For four years, Vicky Unsworth was a slave in a secret sex cult. She speaks for the first time to Paul Cook about her ordeal and why she believes her abuser’s prison sentence is too lenient.

THIS was a chapter in her life that Vicky Unsworth wanted to forget.

“I’d blocked a lot of that time of my life out of my mind,” she says. Then the flashbacks began and finally a phone call from a friend spurred her into action.

She reported sex slave master Lee Thompson to the police and pressed charges, fearful that he would do the same to other women if she didn’t take a stand.

Now, for the first time, she has spoken openly about her life as a sex slave with Thompson, who was sentenced to three years in jail – with Judge Tony Briggs describing him as “dominating and manipulating”.

It’s a description of her “master” that she recognises now. “He was controlling and domineering,”

she says. “I lost me. I was just an extension of him. I couldn’t be on my own and I couldn’t be me. He moved me away from everyone.

“He would also force me to sleep with other men. And while I was pregnant, he would threaten to abort my child if I wouldn’t sleep with a drug dealer.”

Yet, she had no inkling of what life with him would be like when they met through a friend in 2000, when she was 17, near her home in the North-West.

She says that, for four years, she was Thompson’s girlfriend in what she believed was a normal relationship, but one she now describes as “controlling, domineering and abusive”.

Home in Darlington was a small terraced house. They met in Preston, but moved around.

Their North-East homes included Middlesbrough, Hartlepool and Newcastle, but they also lived in London and even the Isle of Skye.

Thompson was a sex slave master in the Kaotian sect, a splinter group of another organisation called the Goreans, that had up to 350 members across the North-East, engaged in slavery rituals based on science fiction novels from the Sixties.

Vicky was unaware of the sex slave cult. “He never mentioned anything about the Kaotians,”

she says.

“He just moved me around and I did as I was told. It usually started when I made friends. Unless he was punishing me, we were always together.

“He would leave me inside the home on my own. I had nowhere to go and no money. He left me without a phone and he would pack up and go. When he came back, everything was wonderful with the world.”

Although Thompson allowed her little contact with the outside world, she remained in touch with an old friend, who was looking after her dog.

That link provided her escape route. One day, Vicky told Thompson she was going to visit her sister. Instead, she met her friend and walked out of Thompson’s life for good.

“I had had enough. I was working and had made friends and I could see what a normal life was. Up to then, I was under his control,” she says.
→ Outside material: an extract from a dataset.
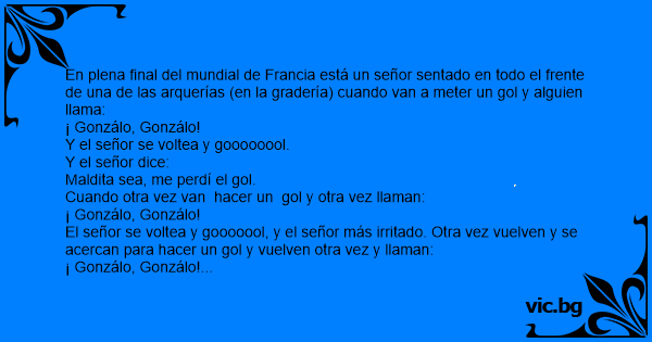 En plena final del mundial de Francia está un señor sentado en todo el frente de una de las arquerías (en la gradería) cuando van a meter un gol y alguien llama:

Vicky tried to put the bizarre relationship out of her mind as she forged a new life away from Thompson. Little did she realise that one email would help uncover the activities of the sect and cause a national media frenzy.

Worried father Tony Nicodemous contacted The Northern Echo because he believed his son was being manipulated by the cult. Rather than dismissing it, Thompson confirmed that he’d been a sex slave master for ten years and had taken on Mr Nicodemous’ son, Zachary, as his new apprentice.

Another email a month earlier had helped tip off police about the activities. A Canadian woman involved in the sect had told a Texan friend she wanted to return home, but was unable to because her passport had been burned.

Police investigated, but admitted they were powerless to take action against the cult because no offences had taken place and people were there of their own free will.

THE Northern Echo’s story about the sex slave cult created a media storm, with national newspapers and television following up the story.

It was that barrage of publicity that alerted Vicky to what was happening with her former boyfriend and led to the court case against him.

Her courage helped convict Thompson, who was charged under his alias, Harrington, in December last year.

He was jailed for three years after admitting a specimen charge of procuring a woman to have sexual intercourse by threats or intimidation, and one specific count.

The story would have rested there if Vicky, now 26, hadn’t decided to waive her lifetime anonymity because she wanted to tell what happened to her as a sex slave.

She is struggling to get over her ordeal. She is unable to form close relationships and is undergoing counselling. And she is angry at what she sees as the lenient treatment of Thompson.

“It is absolutely ridiculous that he got such a short sentence,” she says. “He’s going to serve just a year and a half for ruining my life. I think that man should never see the light of day again.”